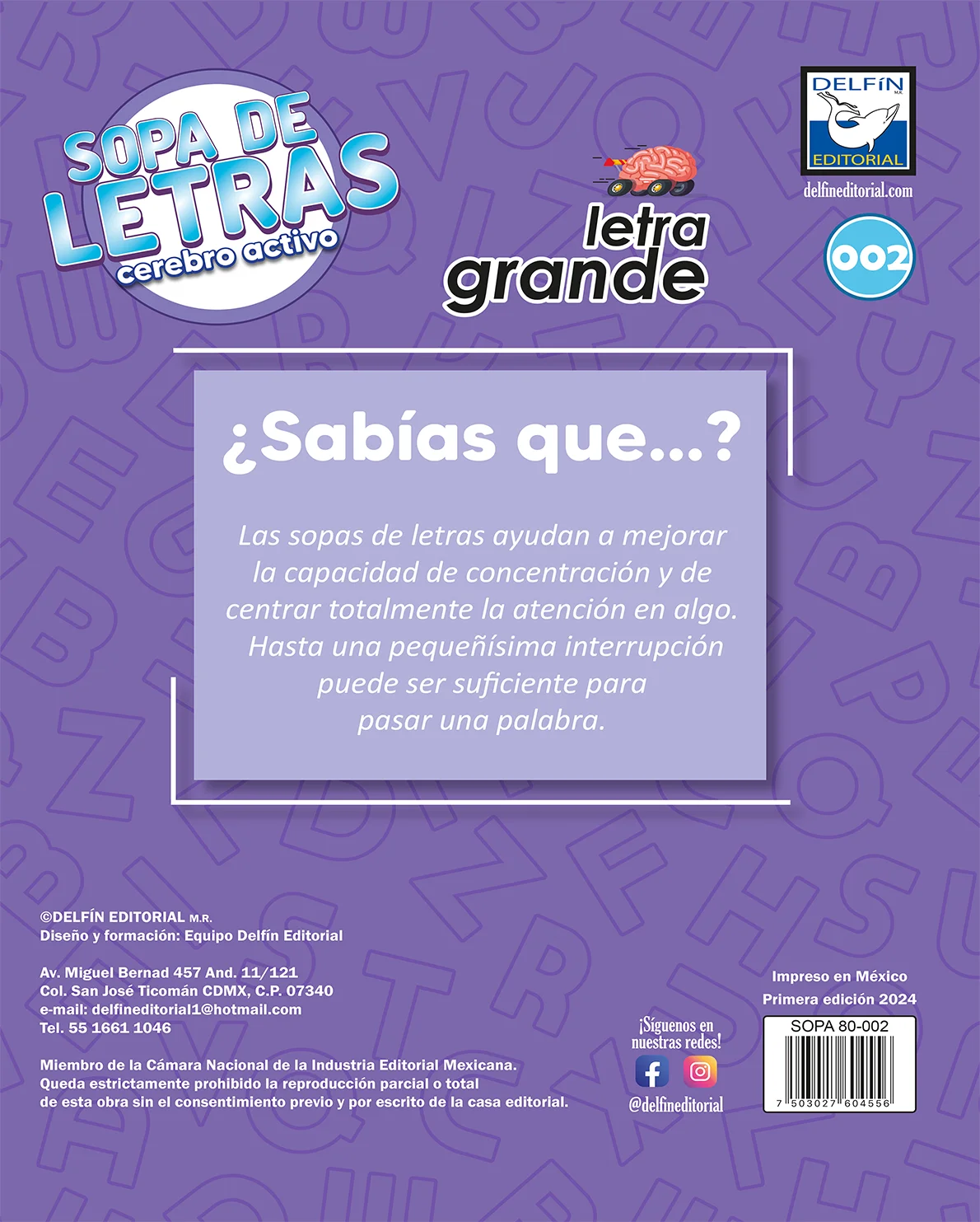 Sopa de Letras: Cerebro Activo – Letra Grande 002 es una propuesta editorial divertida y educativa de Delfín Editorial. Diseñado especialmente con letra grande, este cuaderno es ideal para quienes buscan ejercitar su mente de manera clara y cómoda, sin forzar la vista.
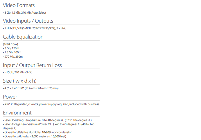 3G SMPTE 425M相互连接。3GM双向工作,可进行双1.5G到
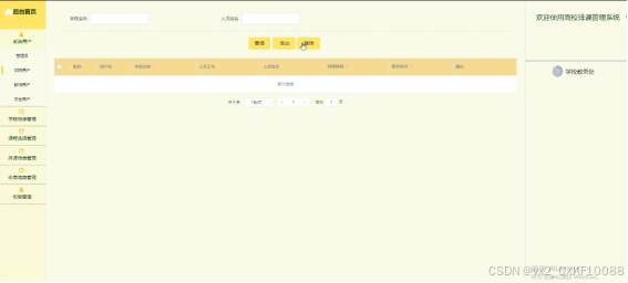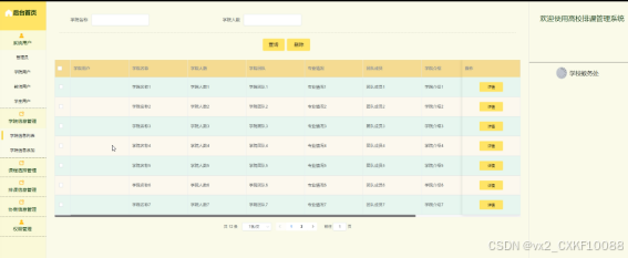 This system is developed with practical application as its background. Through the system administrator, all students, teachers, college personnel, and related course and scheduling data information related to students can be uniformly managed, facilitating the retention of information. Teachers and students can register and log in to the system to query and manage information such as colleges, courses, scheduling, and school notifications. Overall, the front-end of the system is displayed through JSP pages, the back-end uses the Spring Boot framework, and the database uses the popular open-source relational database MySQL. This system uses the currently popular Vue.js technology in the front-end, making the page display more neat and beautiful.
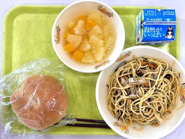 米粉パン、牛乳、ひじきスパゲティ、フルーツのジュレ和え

● **To do**:
Set the pictures aside and reproduce the data above exactly.

● **Written answer**:
 Sopa de Letras: Cerebro Activo – Letra Grande 002 es una propuesta editorial divertida y educativa de Delfín Editorial. Diseñado especialmente con letra grande, este cuaderno es ideal para quienes buscan ejercitar su mente de manera clara y cómoda, sin forzar la vista.
 3G SMPTE 425M相互连接。3GM双向工作,可进行双1.5G到
 This system is developed with practical application as its background. Through the system administrator, all students, teachers, college personnel, and related course and scheduling data information related to students can be uniformly managed, facilitating the retention of information. Teachers and students can register and log in to the system to query and manage information such as colleges, courses, scheduling, and school notifications. Overall, the front-end of the system is displayed through JSP pages, the back-end uses the Spring Boot framework, and the database uses the popular open-source relational database MySQL. This system uses the currently popular Vue.js technology in the front-end, making the page display more neat and beautiful.
 米粉パン、牛乳、ひじきスパゲティ、フルーツのジュレ和え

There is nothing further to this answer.